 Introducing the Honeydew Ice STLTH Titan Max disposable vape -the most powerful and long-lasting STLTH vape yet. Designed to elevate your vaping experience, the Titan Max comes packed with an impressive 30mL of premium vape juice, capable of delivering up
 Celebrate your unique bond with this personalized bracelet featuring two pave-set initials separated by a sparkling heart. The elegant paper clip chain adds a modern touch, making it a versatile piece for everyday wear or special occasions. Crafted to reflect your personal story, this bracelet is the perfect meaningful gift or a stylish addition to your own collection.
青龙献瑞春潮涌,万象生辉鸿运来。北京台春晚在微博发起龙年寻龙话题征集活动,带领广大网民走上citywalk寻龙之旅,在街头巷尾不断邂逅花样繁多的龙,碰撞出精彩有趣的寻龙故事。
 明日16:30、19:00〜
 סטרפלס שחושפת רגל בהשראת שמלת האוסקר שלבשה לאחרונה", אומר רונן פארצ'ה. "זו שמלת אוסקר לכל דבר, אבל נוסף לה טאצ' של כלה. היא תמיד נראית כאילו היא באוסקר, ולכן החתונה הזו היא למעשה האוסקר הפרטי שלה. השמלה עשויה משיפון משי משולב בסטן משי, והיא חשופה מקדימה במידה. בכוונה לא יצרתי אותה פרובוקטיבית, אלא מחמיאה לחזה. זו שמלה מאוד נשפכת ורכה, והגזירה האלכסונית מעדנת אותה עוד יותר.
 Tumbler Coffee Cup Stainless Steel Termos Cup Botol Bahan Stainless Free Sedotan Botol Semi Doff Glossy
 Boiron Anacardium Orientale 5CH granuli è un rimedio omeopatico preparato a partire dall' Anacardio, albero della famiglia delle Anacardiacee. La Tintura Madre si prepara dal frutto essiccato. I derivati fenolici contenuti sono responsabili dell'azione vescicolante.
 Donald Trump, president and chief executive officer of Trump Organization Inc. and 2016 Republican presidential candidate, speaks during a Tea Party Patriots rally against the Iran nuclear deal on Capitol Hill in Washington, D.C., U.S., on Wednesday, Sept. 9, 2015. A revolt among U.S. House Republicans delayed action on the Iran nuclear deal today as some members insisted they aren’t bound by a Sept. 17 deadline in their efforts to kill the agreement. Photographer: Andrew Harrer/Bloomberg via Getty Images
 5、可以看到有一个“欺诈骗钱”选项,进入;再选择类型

+---+

» **What you need to do**:
All of the lines above are to be restated word for word.

» **Response area**:
 Introducing the Honeydew Ice STLTH Titan Max disposable vape -the most powerful and long-lasting STLTH vape yet. Designed to elevate your vaping experience, the Titan Max comes packed with an impressive 30mL of premium vape juice, capable of delivering up
 Celebrate your unique bond with this personalized bracelet featuring two pave-set initials separated by a sparkling heart. The elegant paper clip chain adds a modern touch, making it a versatile piece for everyday wear or special occasions. Crafted to reflect your personal story, this bracelet is the perfect meaningful gift or a stylish addition to your own collection.
青龙献瑞春潮涌,万象生辉鸿运来。北京台春晚在微博发起龙年寻龙话题征集活动,带领广大网民走上citywalk寻龙之旅,在街头巷尾不断邂逅花样繁多的龙,碰撞出精彩有趣的寻龙故事。
 明日16:30、19:00〜
 סטרפלס שחושפת רגל בהשראת שמלת האוסקר שלבשה לאחרונה", אומר רונן פארצ'ה. "זו שמלת אוסקר לכל דבר, אבל נוסף לה טאצ' של כלה. היא תמיד נראית כאילו היא באוסקר, ולכן החתונה הזו היא למעשה האוסקר הפרטי שלה. השמלה עשויה משיפון משי משולב בסטן משי, והיא חשופה מקדימה במידה. בכוונה לא יצרתי אותה פרובוקטיבית, אלא מחמיאה לחזה. זו שמלה מאוד נשפכת ורכה, והגזירה האלכסונית מעדנת אותה עוד יותר.
 Tumbler Coffee Cup Stainless Steel Termos Cup Botol Bahan Stainless Free Sedotan Botol Semi Doff Glossy
 Boiron Anacardium Orientale 5CH granuli è un rimedio omeopatico preparato a partire dall' Anacardio, albero della famiglia delle Anacardiacee. La Tintura Madre si prepara dal frutto essiccato. I derivati fenolici contenuti sono responsabili dell'azione vescicolante.
 Donald Trump, president and chief executive officer of Trump Organization Inc. and 2016 Republican presidential candidate, speaks during a Tea Party Patriots rally against the Iran nuclear deal on Capitol Hill in Washington, D.C., U.S., on Wednesday, Sept. 9, 2015. A revolt among U.S. House Republicans delayed action on the Iran nuclear deal today as some members insisted they aren’t bound by a Sept. 17 deadline in their efforts to kill the agreement. Photographer: Andrew Harrer/Bloomberg via Getty Images
 5、可以看到有一个“欺诈骗钱”选项,进入;再选择类型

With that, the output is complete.